What is required
The line with "玉女瓜放入醬汁中浸泡3個小時" marks the start; please set it down along with all later lines through the end of the material, exactly, leaving out pictures.

Input for this task: Begin

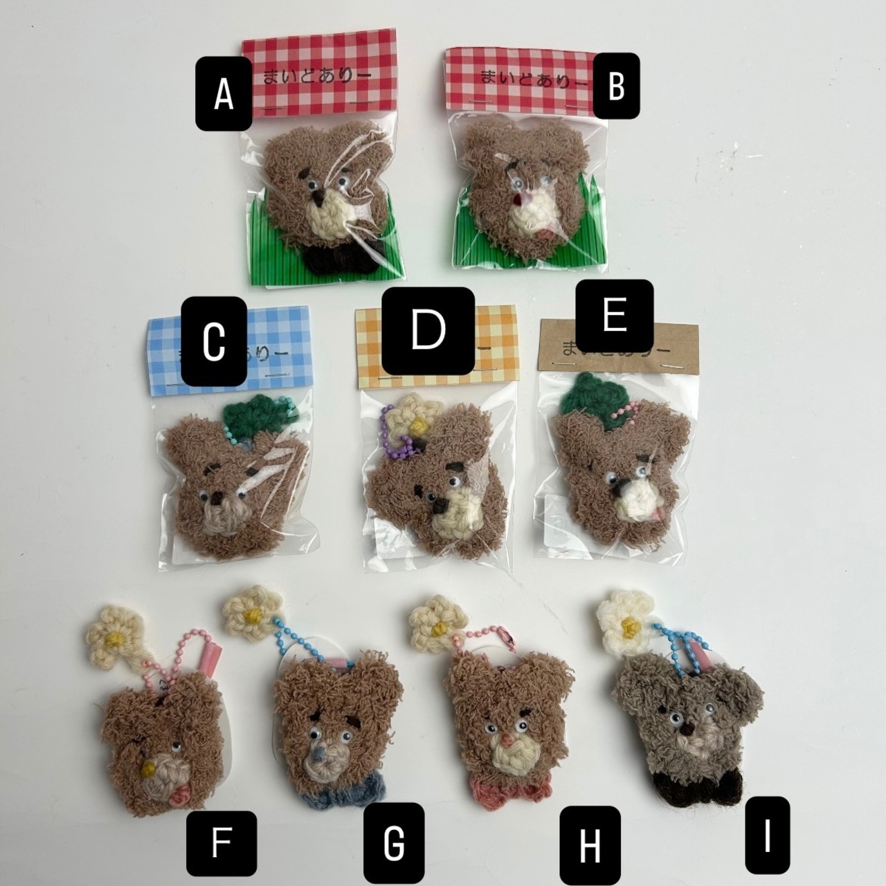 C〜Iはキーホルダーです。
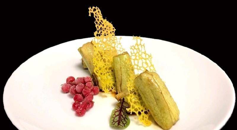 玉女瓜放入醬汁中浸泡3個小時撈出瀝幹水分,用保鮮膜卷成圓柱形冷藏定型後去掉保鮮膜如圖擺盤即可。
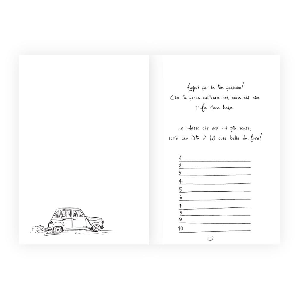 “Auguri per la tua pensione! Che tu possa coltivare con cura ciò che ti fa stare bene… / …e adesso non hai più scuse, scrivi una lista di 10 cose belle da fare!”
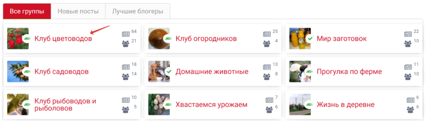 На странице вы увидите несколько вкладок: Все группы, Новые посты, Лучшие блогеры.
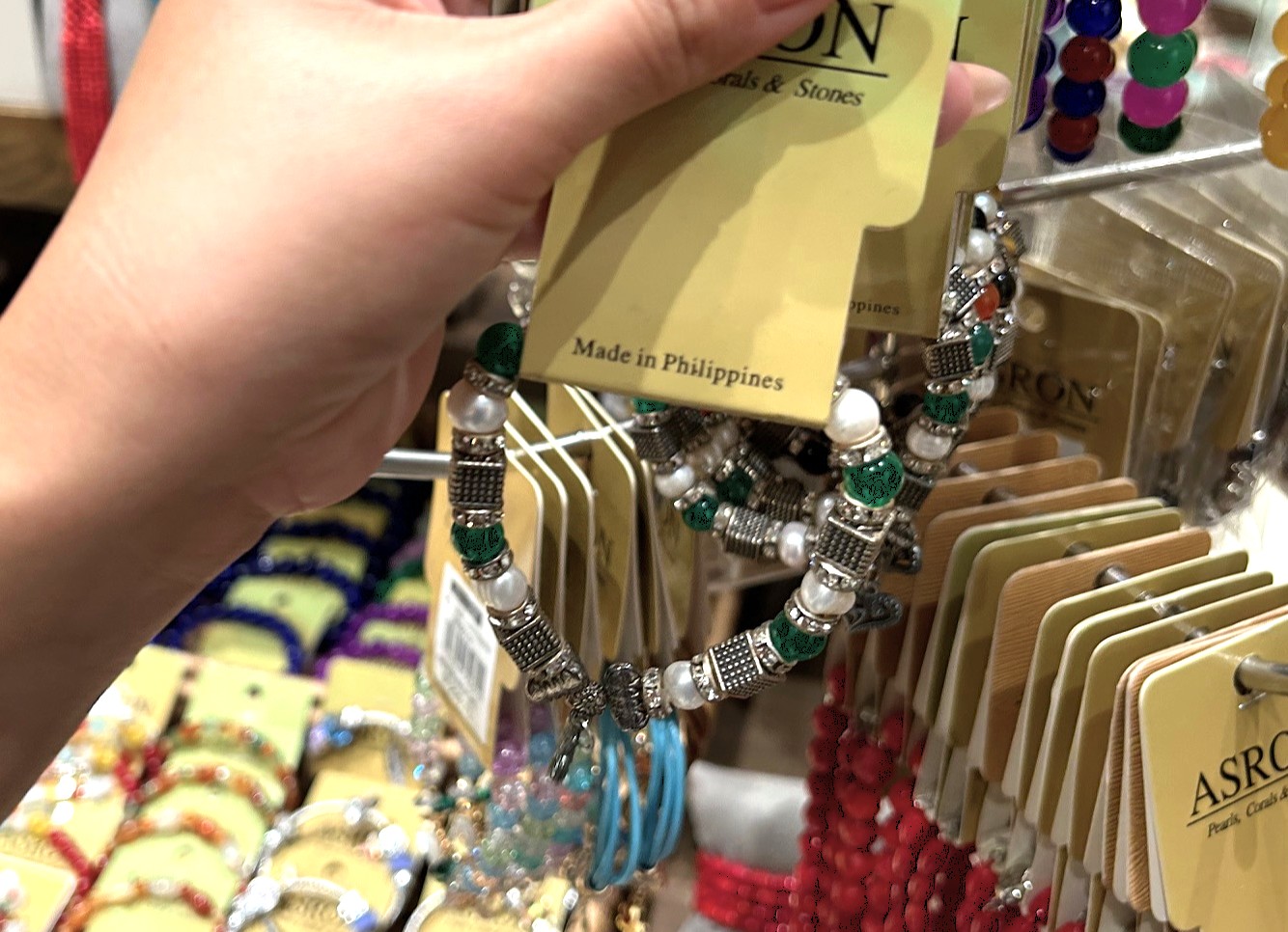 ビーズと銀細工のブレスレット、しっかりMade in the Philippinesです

Input for this task: End

Task output
 玉女瓜放入醬汁中浸泡3個小時撈出瀝幹水分,用保鮮膜卷成圓柱形冷藏定型後去掉保鮮膜如圖擺盤即可。
 “Auguri per la tua pensione! Che tu possa coltivare con cura ciò che ti fa stare bene… / …e adesso non hai più scuse, scrivi una lista di 10 cose belle da fare!”
 На странице вы увидите несколько вкладок: Все группы, Новые посты, Лучшие блогеры.
 ビーズと銀細工のブレスレット、しっかりMade in the Philippinesです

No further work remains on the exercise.